On 22 March the US federal government, via the US Treasury and the IRS, published tax credits guidance with the aim of encouraging more offshore developers to claim credits based on their SCADA systems. The intention is to give offshore wind developers greater flexibility in how they take projects to financial close – and make them look at their SCADA systems with fresh eyes.
The guidance is about how offshore wind developers could qualify for and secure bonus tax credits for their projects, based on the headline capacity of the project, as long as the supervisory control and data acquisition (SCADA) system is located within a qualifying ‘energy community’.
The main effect would be to improve the financial viability of their schemes. After two hard years where inflation has shown up the damaging effects of agreeing in ‘race to the bottom’ auction process, the prospect of extra tax credits can only help projects to reach financial close.
In short, the rules of engagement show renewable energy developers can gain a bonus of 10% on production tax credits at their projects, or up to 10 percentage points on investment tax credits, if the projects or associated facilities are located in communities that have historically relied on the energy industry for investment and jobs. This applies to both onshore and offshore renewables projects.

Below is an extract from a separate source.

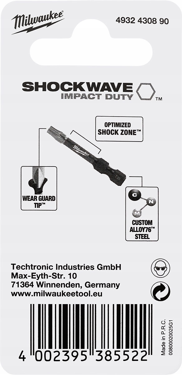 Specjalnie opracowany stop stali ALLOY76™ poddany dodatkowej obróbce termicznej zapewnia maksymalną odporność na uszkodzenia. Bity udarowe SHOCKWAVE™ gwarantują ekstremalną trwałość nawet przy najbardziej wymagających zastosowaniach.

This follows legislation introduced by the Inflation Reduction Act in mid-2022, where these so-called ‘energy communities’ are defined in one of three ways:
former coal mining communities (areas where a coal mine was closed after 1999 or a coal-fired power plant was closed after 2009); areas with significant employment and local taxes from the fossil fuels sector, and higher-than-average unemployment; and brownfield sites – areas with sites contaminated by hazardous materials or other pollutants.

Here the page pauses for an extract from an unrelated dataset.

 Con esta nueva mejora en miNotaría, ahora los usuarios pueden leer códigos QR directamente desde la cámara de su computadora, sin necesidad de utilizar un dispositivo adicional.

Federal government gave initial guidance about what ‘energy communities’ means in April 2023, and this March 2024 guidance elaborates on that.
For offshore wind specifically, it has introduced more flexibility for the ability to claim tax credits for offshore wind projects. It said developers would be able to qualify for those bonus tax credits as long as the SCADA system is located in a port in an eligible ‘energy community’.

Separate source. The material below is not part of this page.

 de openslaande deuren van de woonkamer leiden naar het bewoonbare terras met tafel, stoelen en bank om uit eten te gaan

SCADA systems have been called the nerve centre for an offshore wind farm as they link up the individual turbines, substations and meteorological stations in a central hub, they record activities on a regular basis to ensure that the project is working efficiently, and they enable owners and operators to fix problems. The Treasury and IRS said that their guidance recognised the importance of onshore SCADA systems in ensuring the viability of offshore wind farms.
The guidance also gave developers more flexibility to gain tax credits based on other aspects of their onshore interconnection infrastructure. It said that “where a project has multiple points of interconnection… those projects may now look to any land-based power conditioning equipment up to those points of interconnection for purposes of determining energy community status”.